# TO DO
Make an exact copy of the records, with the pictures left out.
════════════════════
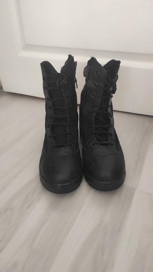 Siyah kauçuk kemerli goth erkek botları, bağcıklı ve fermuarlı. Sokak stili ve rock punk havası sunar, günlük kullanım için uygundur. Bir kez giyildi, küçük geldiğinden satıyorum
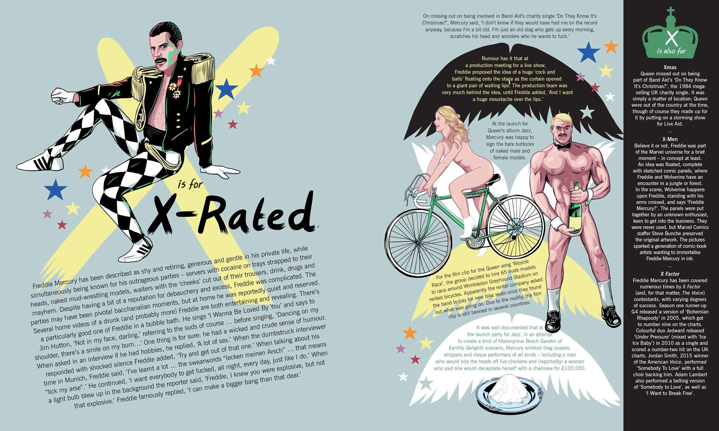 Celebrate Freddie Mercury in the next iteration of Steve Wide’s Icons A to Z series. Follow Freddie, born Farrokh Bulsara, as he harnesses hyperdontia to develop an unparalleled vocal range. See Smile, Freddie’s first complete band, graduate to become the global phenomenon Queen. Dissect lyrical oddities like “radio gaga” and “Scaramouch,” and revel in the glorious chevron moustache Freddie grew in 1980… All these stories are told through the stunning comic stylings of Paul Borchers.
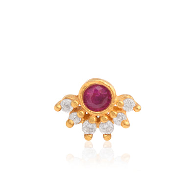 Red CZ Floral Nose Pin - Sterling Silver Gold Plated
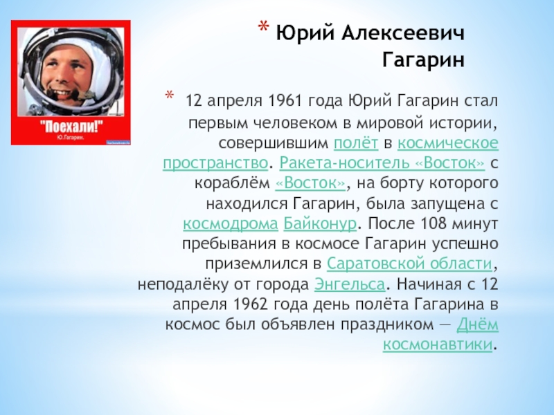 первым человеком в мировой истории, совершившим полёт в космическое пространство. Ракета-носитель «Восток» с кораблём «Восток», на борту которого находился Гагарин, была запущена с космодрома Байконур. После 108 минут пребывания в космосе Гагарин успешно приземлился в Саратовской области, неподалёку от города Энгельса. Начиная с 12 апреля 1962 года день полёта Гагарина в космос был объявлен праздником — Днём космонавтики.
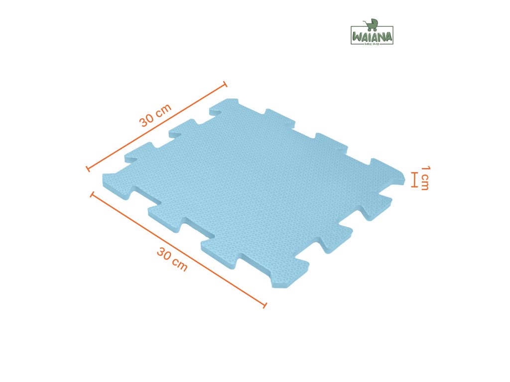 Jednotlivé dlaždice 30 × 30 cm (9 ks) do seba perfektne zapadajú. Podložka je vhodná pre deti od narodenia, vyrobená z nezávadného a príjemného materiálu.
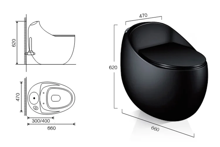 首页 浴室产品、水槽 马桶以及其他陶瓷洁具 马桶 Matt Black Color Egg Shape Siphonic ceramic washdown One Piece Toilet
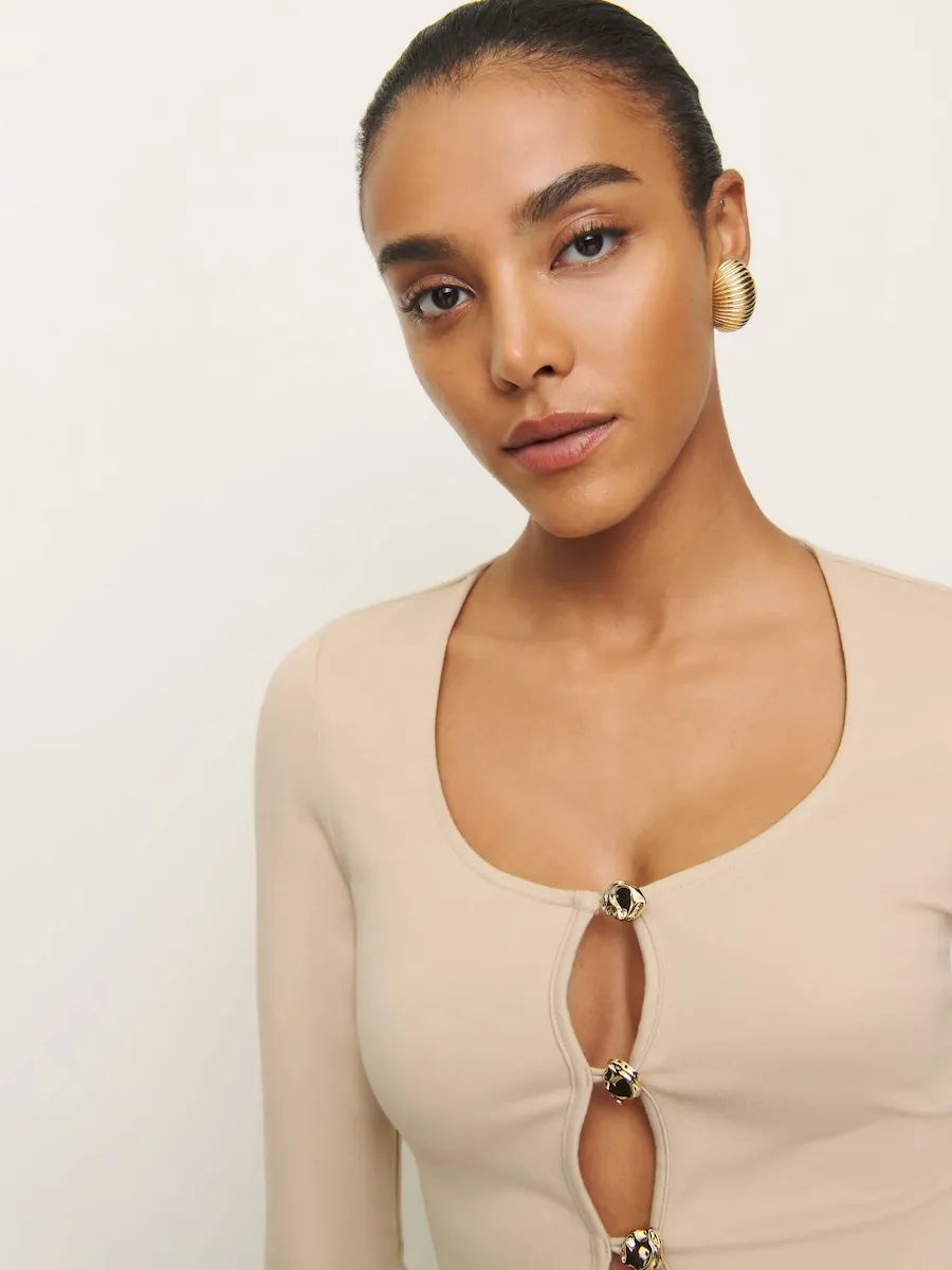 The model is wearing a size S and is 5’11”, 26″ waist, 38″ hips, 35″ bust.
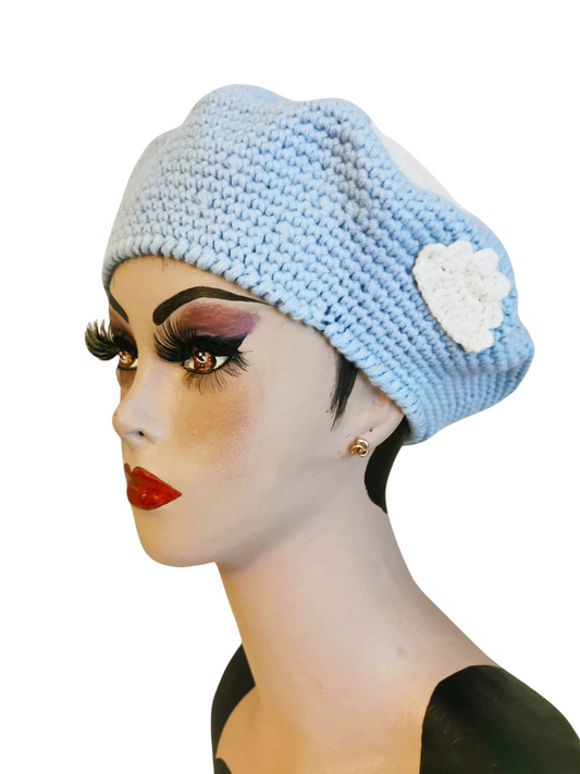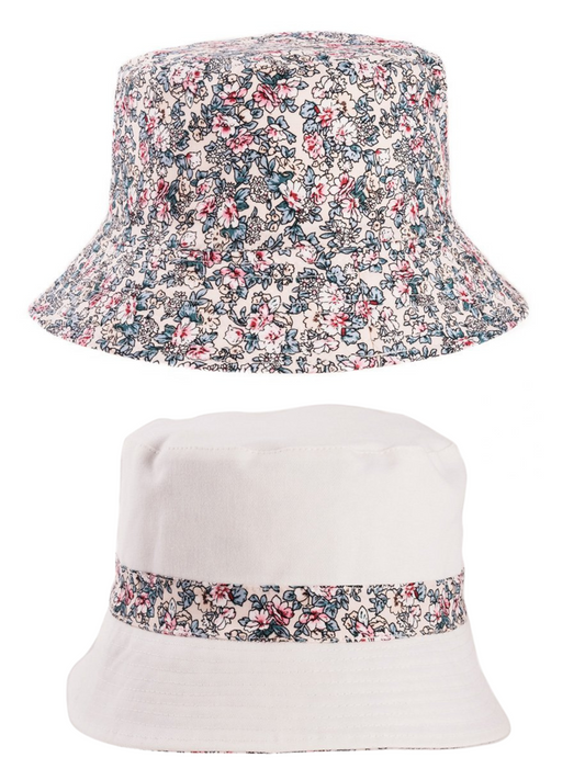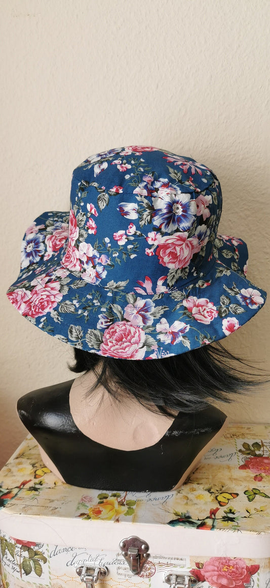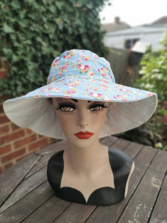 Ladies Summer Hat Wide Brim Flower Floppy Sun Hat Reversible Pink Blue Cotton Handmade
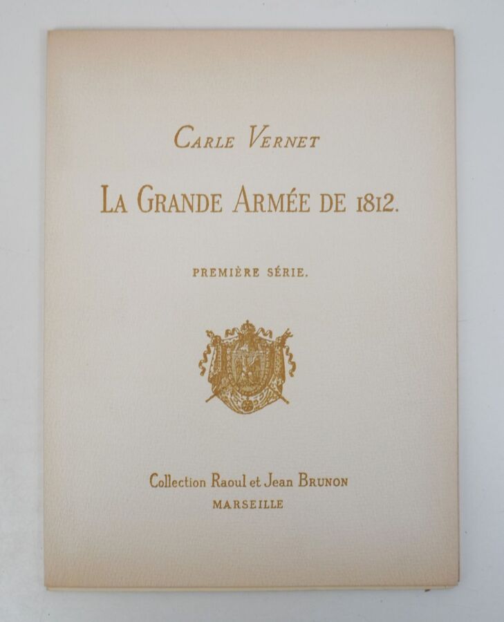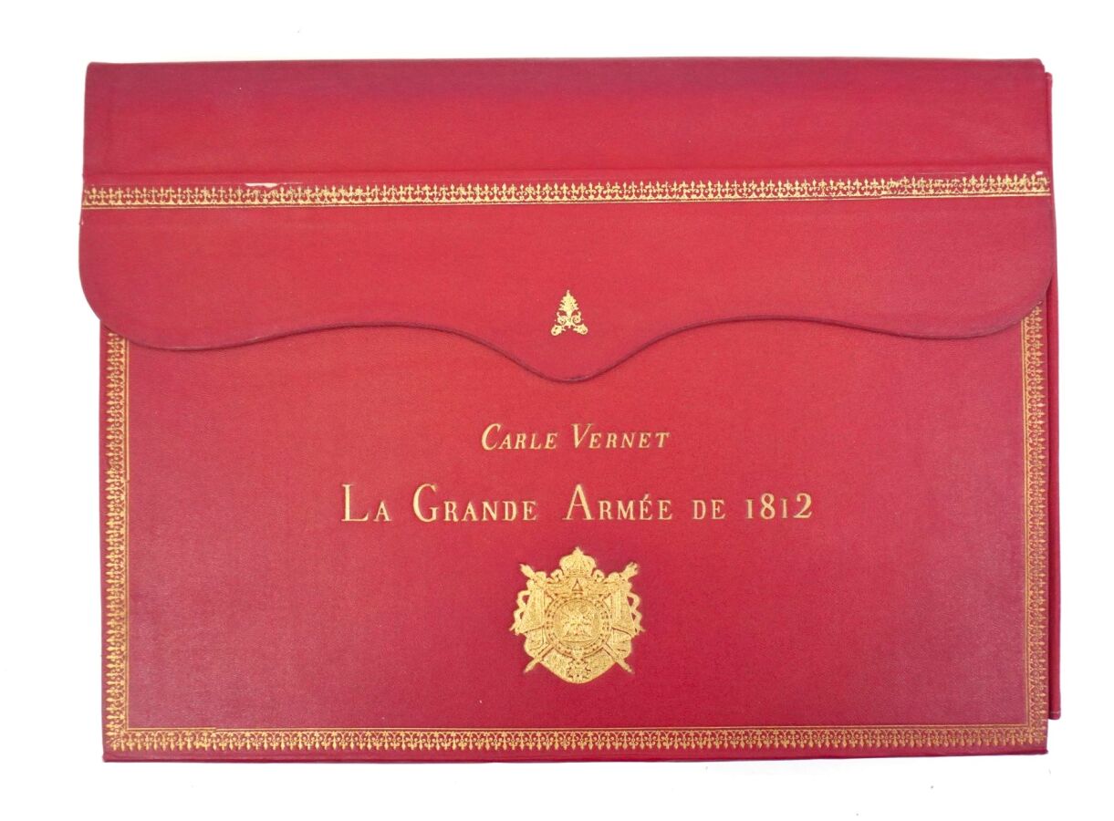 VERNET (Carle). La Grande Armée de 1812. Marseille, Collection Raoul & Jean Brunon, [1960]. 8 livraisons in-folio (380 x 280 mm), chacune composée de 6 pl. et 14 ff. n. ch. d'explications. En ff., chemises cartonnées à rabats portant le titre imprimé, le tout contenu dans 2 portefeuilles de simili-maroquin rouge de style Empire, avec titre, armes impériales et roulette dorée sur le rabat supérieur, rabats latéraux de tissu avec lacets de fermeture, un plat un peu passé (Maison Adine).
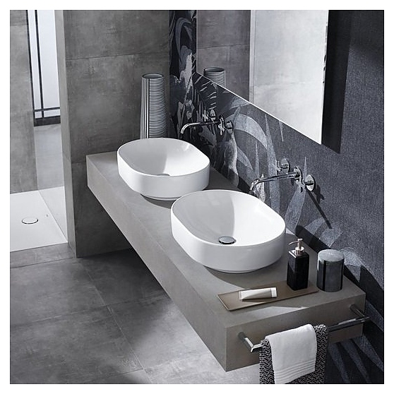 Раковина Geberit VariForm дополнит интерьер любой ванной комнаты. Накладная конструкция обеспечивает простую установку, экономит место и обеспечивает изящный внешний вид. Изделие выполнено из фарфора, который обладает повышенной прочностью, устойчив к негативным внешним факторам, таким как грязь и запахи, а также способен долгое время сохранять идеальную белизну. Особенности:
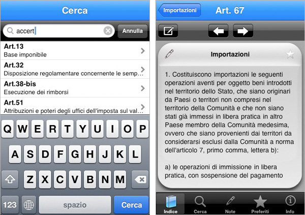 Prosegue il progetto degli sviluppatori italiani di iLex che intende portare in versione digitale su iPhone e touch i principali testi di legge e di riferimento normativo italiani. A partire da oggi infatti è disponibile su App Store il testo unico sull’IVA – Istituzione e discliplina dell’imposta sul valore aggiunto. Oltre al testo di riferimento originale, il DPR del 26 ottobre 1972 numero 633, l’edizione digitale è aggiornata a tutto il 2008. iLex IVA è proposto al prezzo di 3,99 euro in questa pagina di App Store.
════════════════════
# RESPONSE FOR THIS EXERCISE
 Siyah kauçuk kemerli goth erkek botları, bağcıklı ve fermuarlı. Sokak stili ve rock punk havası sunar, günlük kullanım için uygundur. Bir kez giyildi, küçük geldiğinden satıyorum
 Celebrate Freddie Mercury in the next iteration of Steve Wide’s Icons A to Z series. Follow Freddie, born Farrokh Bulsara, as he harnesses hyperdontia to develop an unparalleled vocal range. See Smile, Freddie’s first complete band, graduate to become the global phenomenon Queen. Dissect lyrical oddities like “radio gaga” and “Scaramouch,” and revel in the glorious chevron moustache Freddie grew in 1980… All these stories are told through the stunning comic stylings of Paul Borchers.
 Red CZ Floral Nose Pin - Sterling Silver Gold Plated
 первым человеком в мировой истории, совершившим полёт в космическое пространство. Ракета-носитель «Восток» с кораблём «Восток», на борту которого находился Гагарин, была запущена с космодрома Байконур. После 108 минут пребывания в космосе Гагарин успешно приземлился в Саратовской области, неподалёку от города Энгельса. Начиная с 12 апреля 1962 года день полёта Гагарина в космос был объявлен праздником — Днём космонавтики.
 Jednotlivé dlaždice 30 × 30 cm (9 ks) do seba perfektne zapadajú. Podložka je vhodná pre deti od narodenia, vyrobená z nezávadného a príjemného materiálu.
 首页 浴室产品、水槽 马桶以及其他陶瓷洁具 马桶 Matt Black Color Egg Shape Siphonic ceramic washdown One Piece Toilet
 The model is wearing a size S and is 5’11”, 26″ waist, 38″ hips, 35″ bust.
 Ladies Summer Hat Wide Brim Flower Floppy Sun Hat Reversible Pink Blue Cotton Handmade
 VERNET (Carle). La Grande Armée de 1812. Marseille, Collection Raoul & Jean Brunon, [1960]. 8 livraisons in-folio (380 x 280 mm), chacune composée de 6 pl. et 14 ff. n. ch. d'explications. En ff., chemises cartonnées à rabats portant le titre imprimé, le tout contenu dans 2 portefeuilles de simili-maroquin rouge de style Empire, avec titre, armes impériales et roulette dorée sur le rabat supérieur, rabats latéraux de tissu avec lacets de fermeture, un plat un peu passé (Maison Adine).
 Раковина Geberit VariForm дополнит интерьер любой ванной комнаты. Накладная конструкция обеспечивает простую установку, экономит место и обеспечивает изящный внешний вид. Изделие выполнено из фарфора, который обладает повышенной прочностью, устойчив к негативным внешним факторам, таким как грязь и запахи, а также способен долгое время сохранять идеальную белизну. Особенности:
 Prosegue il progetto degli sviluppatori italiani di iLex che intende portare in versione digitale su iPhone e touch i principali testi di legge e di riferimento normativo italiani. A partire da oggi infatti è disponibile su App Store il testo unico sull’IVA – Istituzione e discliplina dell’imposta sul valore aggiunto. Oltre al testo di riferimento originale, il DPR del 26 ottobre 1972 numero 633, l’edizione digitale è aggiornata a tutto il 2008. iLex IVA è proposto al prezzo di 3,99 euro in questa pagina di App Store.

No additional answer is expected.